In the first instance they looked at 3D printing the candy heads, but ended up decided on using CNC machines (computer numerical drills) to 3D carve them out of chocolate instead, as 3D printing technology is unreliable and takes two hours to print just one head. Candy Mechanics designed and created a 3D carving solution they could use to create the products at speed and at scale.
Candy Mechanics' in-house team created this unique process using CNC machines with different types of off-the-shelf technology, sensors, scanners and software tied together with bespoke automation. The team is also working with ABB Robotics to introduce a faster and more efficient manufacturing process-to-product at high volume with each individual product customised.

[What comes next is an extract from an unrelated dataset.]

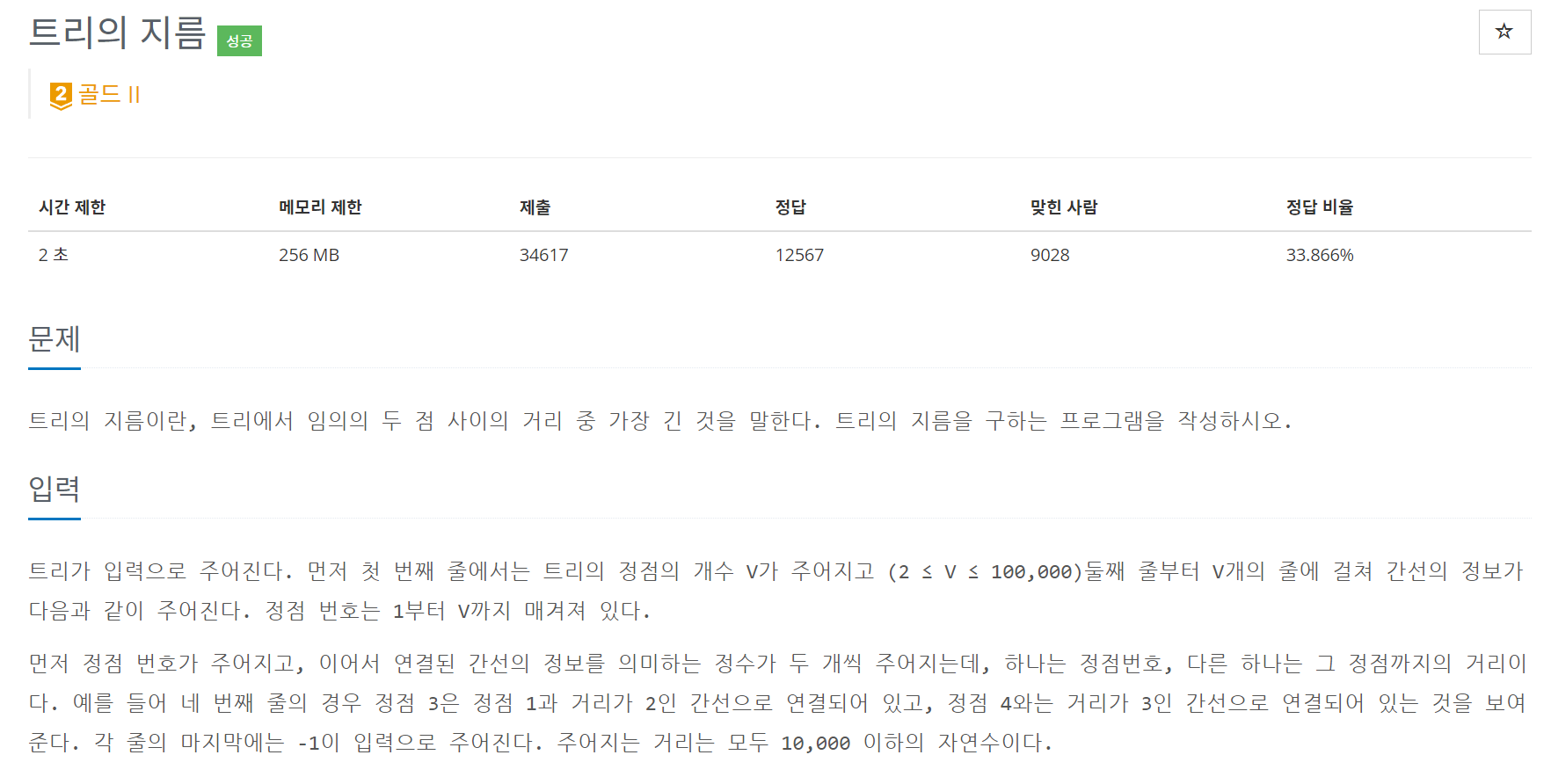 트리의 지름이란, 트리에서 임의의 두 점 사이의 거리 중 가장 긴 것을 말한다. 트리의 지름을 구하는 프로그램을 작성하시오.

CNC machines can be used to carve into many materials and are used in woodwork and engineering. Candy Mechanics did a lot of R&D in the beginning to test how fast the drills could carve without the chocolate melting everywhere They managed to find an optimum speed which carved the chocolate heads in five minutes, enabling them to produce and retail at popups and events in real-time.

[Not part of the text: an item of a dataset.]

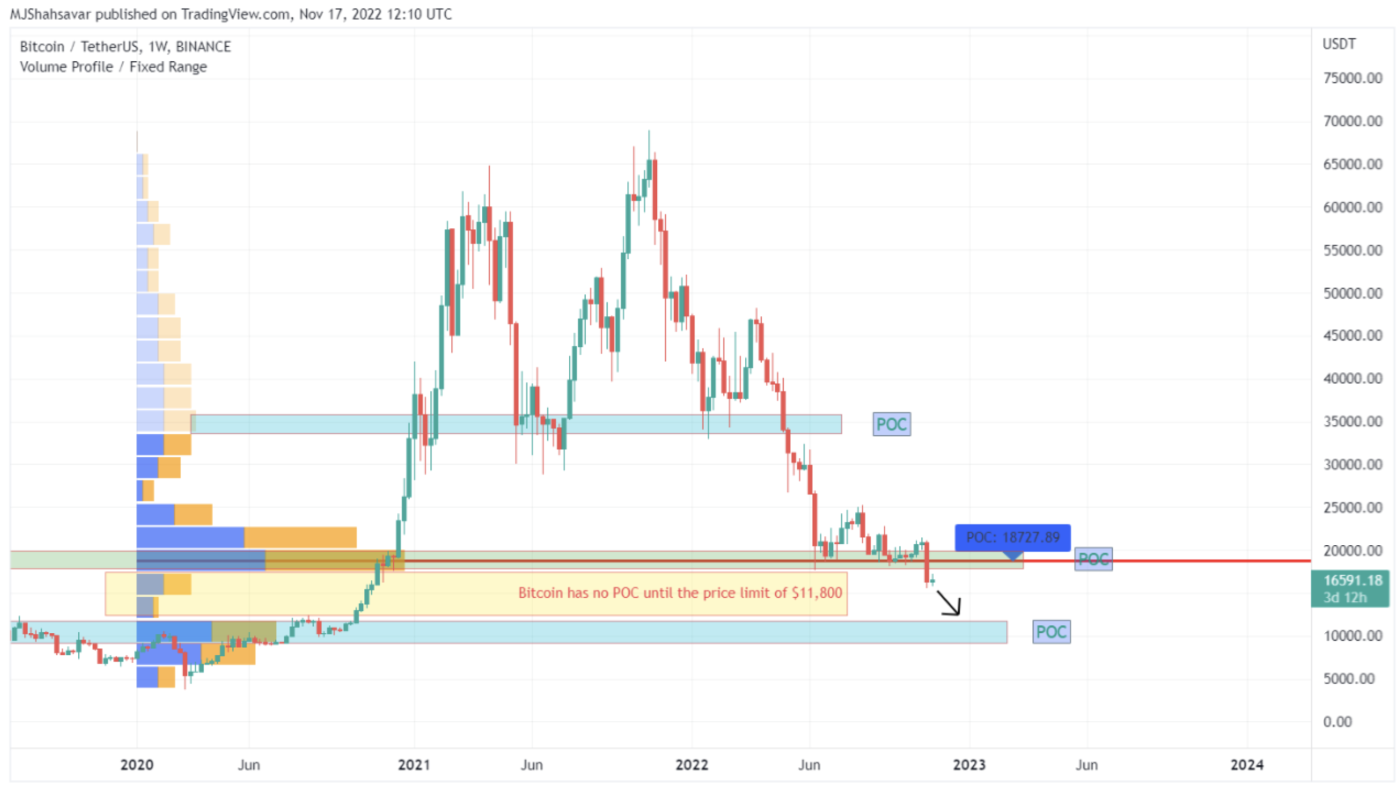 The volume profile on BTC’s long-term chart suggested that after Bitcoin lost the $19,500 support level there wasn’t much to hold onto. Seemingly, Bitcoin has no Point of Control until the price limit of $11,800.

"It works at all temperatures, and we use air conditioning when it's really hot - we learned that from our first popup in May 2017 in Covent Garden - it was 31 degrees," said Part.

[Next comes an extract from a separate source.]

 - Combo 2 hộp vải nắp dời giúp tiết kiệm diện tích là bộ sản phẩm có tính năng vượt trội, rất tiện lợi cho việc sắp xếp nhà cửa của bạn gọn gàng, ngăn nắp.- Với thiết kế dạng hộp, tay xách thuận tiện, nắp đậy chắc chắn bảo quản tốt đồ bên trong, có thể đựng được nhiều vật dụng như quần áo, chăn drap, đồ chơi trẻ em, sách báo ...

The Candy Mechanics team has grown from two founders, to five directors, and now has a team of ten - it has scaled quickly over three years, Part commented: "Having a team of ten is ridiculously tough."
The first year was spent investing in the technology and R&D, since then the website launched in November 2016 and the team has been working on brand relationships for its two products: Lolpops and Candy Cards. The Lolpops are ‘a perfect chocolate replica of your head' created online from a 30 second video recording of your head, which Candy Mechanics then turn into a 3D model and carve into the chocolate lollipops using their ‘Candy Carve' - the CNC drills. The Candy Cards are ‘completely customisable Belgian chocolate cards' where personalised messages are directly engraved into the chocolate.
Getting personal
The chocolate market is currently worth $6bn but is stagnating, Candy Mechanics told us, but the personalised gifting market is worth $1.5bn and growing: "I truly believe we could grow a hundred million pound business. The scale is massive," said Part.
Candy Mechanics' mission is to become the leading suppliers of personalisation technology with confectionary, to that end it is looking to expand through partnerships, rather than solely growing its own customer base. It is partnering with larger brands to introduce its technology and personalised products to other larger audiences. With this venture, Candy Mechanics has received serious interest from larger brands that don't have the ability within their own corporation teams to devise ideas and products quickly and are experiencing the ‘death of the high street'. Brands are looking to create ‘retail theatre', and Candy Mechanics offers a memorable, tangible and edible experience.
Success never tasted so sweet
Chocolate replicas of your own head is certainly a novel idea, but how does it actually taste when you bite off your own head? Well with William Leigh, previously Head Taster at Green & Black's on the team, the answer is sweet. Candy Mechanics currently use Belgium chocolate, from the same source used by M&S, and with this quality ingredient, Leigh developed the flavour palette in Candy Mechanics' chocolate: smooth milk chocolate, salted dark chocolate, salted milk chocolate, gin and tonic dark chocolate, indulgent white chocolate and rich dark chocolate.
But like chocolate, the success of Candy Mechanics is something to be shared. "We have an amazing mentor in our first investor, Matthew Bowcock, who wanted to put the time in, he even brought a friend along to the board later on as well," said Part. "They taught me everything I know and guided us through all the ups and downs of building a business."
Part met Bowcock whilst tending the bar at a party, when Bowcock approached him about investment after overhearing Part's enthusiasm for Candy Mechanics as he shared his startup story with everyone, "I'm a people person," Part laughed.
Candy Mechanics has just finalised a successful raise of over £400,000 on equity crowdfunding platform, Seedrs.